Current wheezing phenotypes at inclusion (2019–2022) will be defined by the inclusion questionnaire, in accordance with definitions used in international studies [28,30,32]: (i) wheezing in the last 12 months (current wheezing); and (ii) recurrent wheezing (at least 3 wheezing episodes in the last 12 months). The severity of wheezing in the last 12 months will be assessed in two ways, based on (i) (a) recurrent wheezing status, (b) discomfort with daily activities, or (c) nocturnal awakening; and (ii) inhaled corticosteroid use and hospitalization (emergency department visit and/or hospitalization due to bronchiolitis, wheezy bronchitis, or asthma attacks) in the last 12 months.
Longitudinal wheezing phenotypes will be evaluated based on the information provided by the parents (i) by questionnaire at inclusion (2019–2022); (ii) every month with the smartphone application and during 1 year after inclusion; and (iii) every 6 months through an online questionnaire (2022 to 2023), from infancy to age 4-years.
Moreover, the respiratory health of the children will be evaluated in 2023 by a group of experts (pediatricians, epidemiologists) using standardized questionnaires and information from medical records available in the children’s health booklets.

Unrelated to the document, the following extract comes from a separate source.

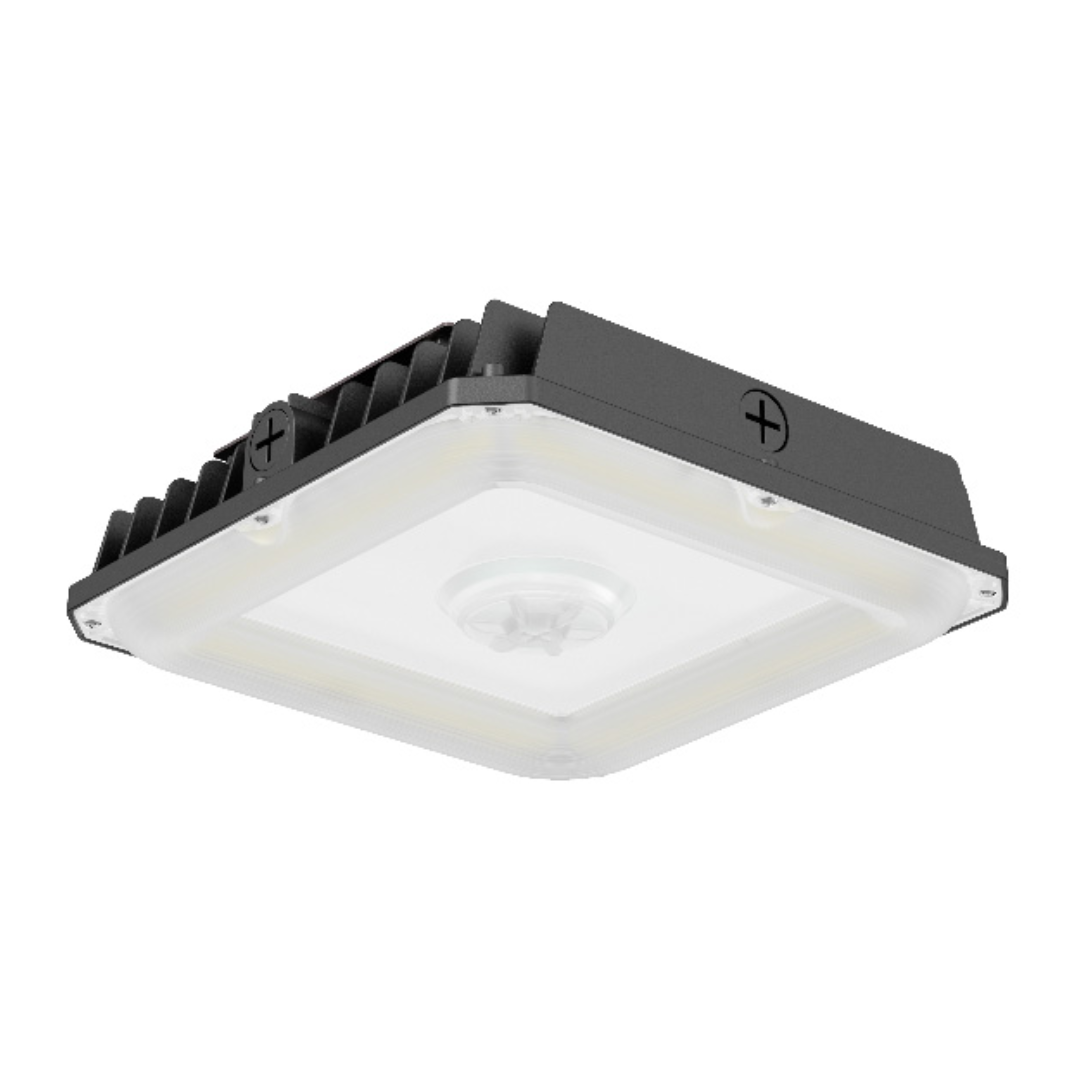 DESIGN - LED EDGE-LIT CANOPY WITH Q-BASE has a built-in motion sensor base, allowing you to install the microwave motion or PIR sensor. Die-cast aluminum housing with excellent heat dissipation along with an anti-glare PC lens provide many years of use. It is designed to operate on 120-277V circuits with a 0-10V dimmable driver.

2.6. Data Collection—Preliminary Results

Various databases are available in the CRESPI study and are illustrated in Figure S2 (online supplement). Data checking and preliminary analyses are in progress.

2.6.1. Characteristics of Cleaning Tasks in the Daycares

The characteristics of cleaning tasks are reported in Table 2.

2.6.2. Characteristics of Daycare Workers

A preliminary descriptive analysis was conducted on the 309 daycare workers whose questionnaires were recorded as of 1 November 2022 (Table 3). The average age of the workers, almost exclusively women, was 43 years, and most of them were never smokers and taking care of the children. Around 15% and one third of the workers have ever had asthma and eczema, respectively.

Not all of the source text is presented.